For those who profess to be Believers, meaning people who are supposed to be God-fearing, respectful, compassionate, and loving of others to argue about things to the point where their pride takes over is a very poor way to represent God. It doesn’t glorify him, at all! What makes it worse is that the person who refuses to stop arguing will, more often than not, say they are just telling the truth, which they proclaim justifies their rude behavior.
Shaul tells us that righteous anger is fine, and it is, but it is no excuse for being nasty or disrespectful to someone. The same goes for telling the truth; as far as I am concerned, if you are unable to tell someone your understanding of “the truth” without having to yell at or insult them, then not only have you already lost the argument but your truth might not really be the truth.

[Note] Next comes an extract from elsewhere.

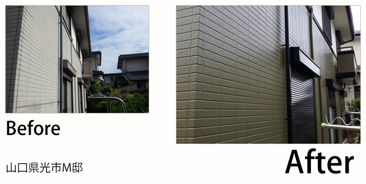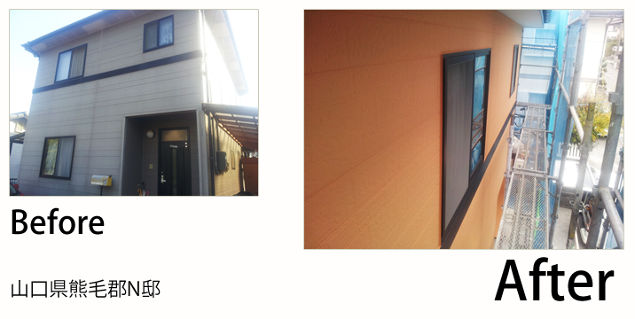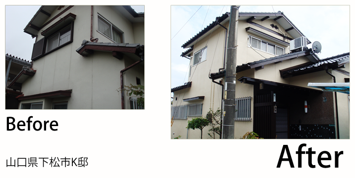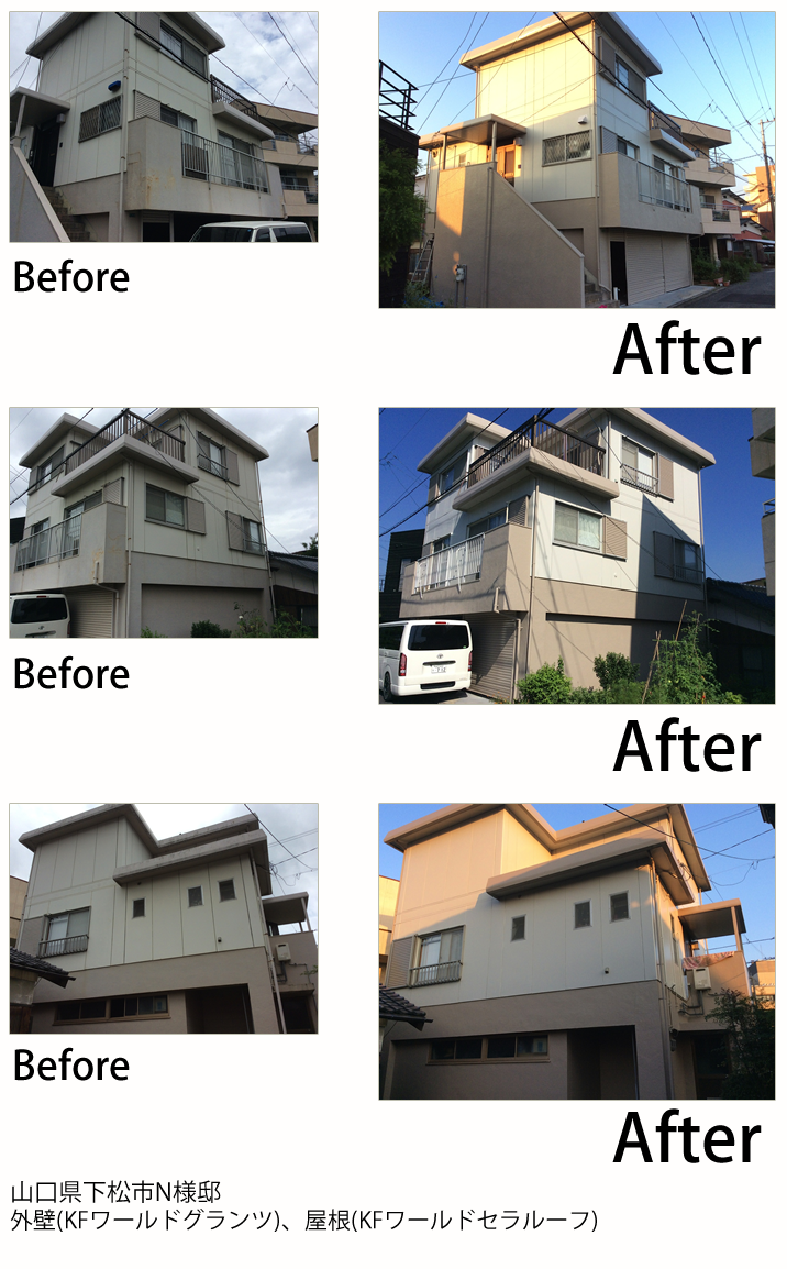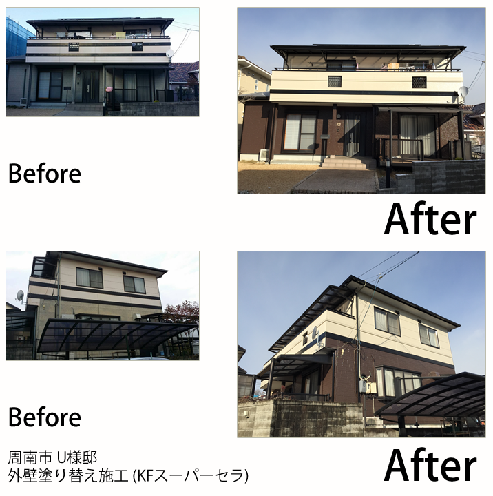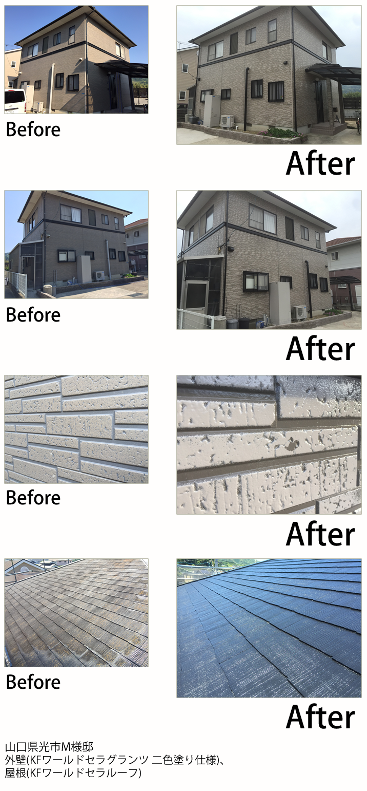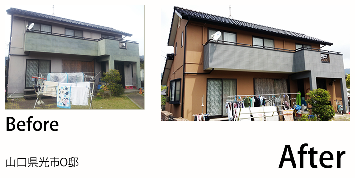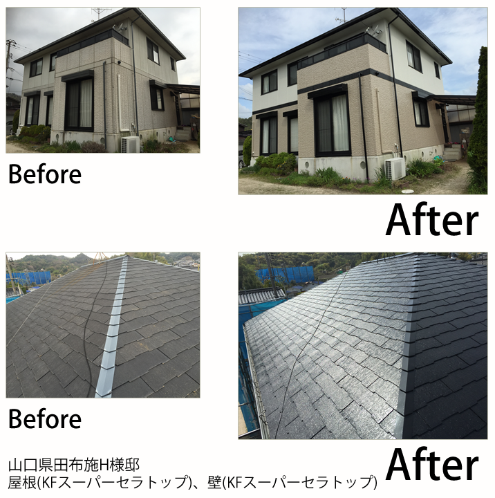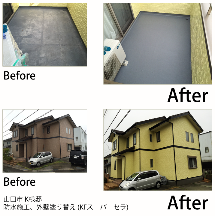 - 山口市の山手の方にお自宅があるので、冬の寒さ対策でガイナをお勧めしたのですが、KFスーパーセラトップの耐久性に惹かれて、決められました。色を明るくしたいと言うことで黄色目の強いクリーム系チョイスさせました。帯やサッシなどの黒色と相性が良く、バランスよく仕上がりました。ベランダのFRP防水も痛んでいましたので同時に施工させて頂きました。新築になったみたい!とお客様にもお褒めの言葉を頂きました。これからも宜しくお願いします。

Now, someone may say that Yeshua insulted the Pharisees and Scribes and Torah-teachers often, and that is true. My answer to that point of fact is this: you ain’t Yeshua! And when he spoke, even those who were against him could not argue with him because his truth was God’s truth and stood on its own. When you or I discuss God with others and they don’t accept what we say, or tell us we are wrong, before we start to insult them we might consider that if what we say isn’t strong enough to stand on its own, maybe what we think is right is actually wrong. Or maybe what we are saying is right but we are saying it in a wrong way.
I learned this lesson many years ago when I received a left-handed compliment from my boss. I was a Sales Manager for Home Depot’s At-Home Services and the Senior Vice President I was working for told me that what I say is almost always correct, but (here comes the down-side) it becomes impotent because of the way I say it. You see, I was just telling the truth, but the way I told it rendered it useless because it made people upset.
God gave each and every one of us Free Will because he wants us to choose to worship him. We also can choose to reject God and all he says. That means God, himself, allows someone to be wrong if they choose to be wrong. So who are we to disallow that which God allows?
Your truth may not be my truth, and (truthfully) both may still be true. What is important is that we don’t tell someone the truth in order to show how correct we are, but to help them come closer to God. It is all about bringing people into proper relationship with God and Messiah, so when someone chooses to reject what you say, go ahead and make an argument without arguing. Allow them a minute or so to take it in, and if they are willing to continue to listen then you are doing well. If they reject what you say, and refuse to accept any proof from you, then before the discussion becomes an argument, do as God does and allow them to be wrong.
One last point: remember how God told the prophets that if they did not tell the people to repent, then their blood would be on his head? But, if after telling them to repent, they decided to reject God’s warnings and continued to sin, then the prophet would be free of their blood and it would be on their own heads? This rule holds true for us, as well. We are to try to bring people into the Kingdom of God but not by force, coercion, fear, or bribery (such as telling them about all the blessings they receive for being Believers.)
As purveyors of God’s truth, your job and mine is simply to tell the truth as God has shown it to us and allow people to make up their own minds.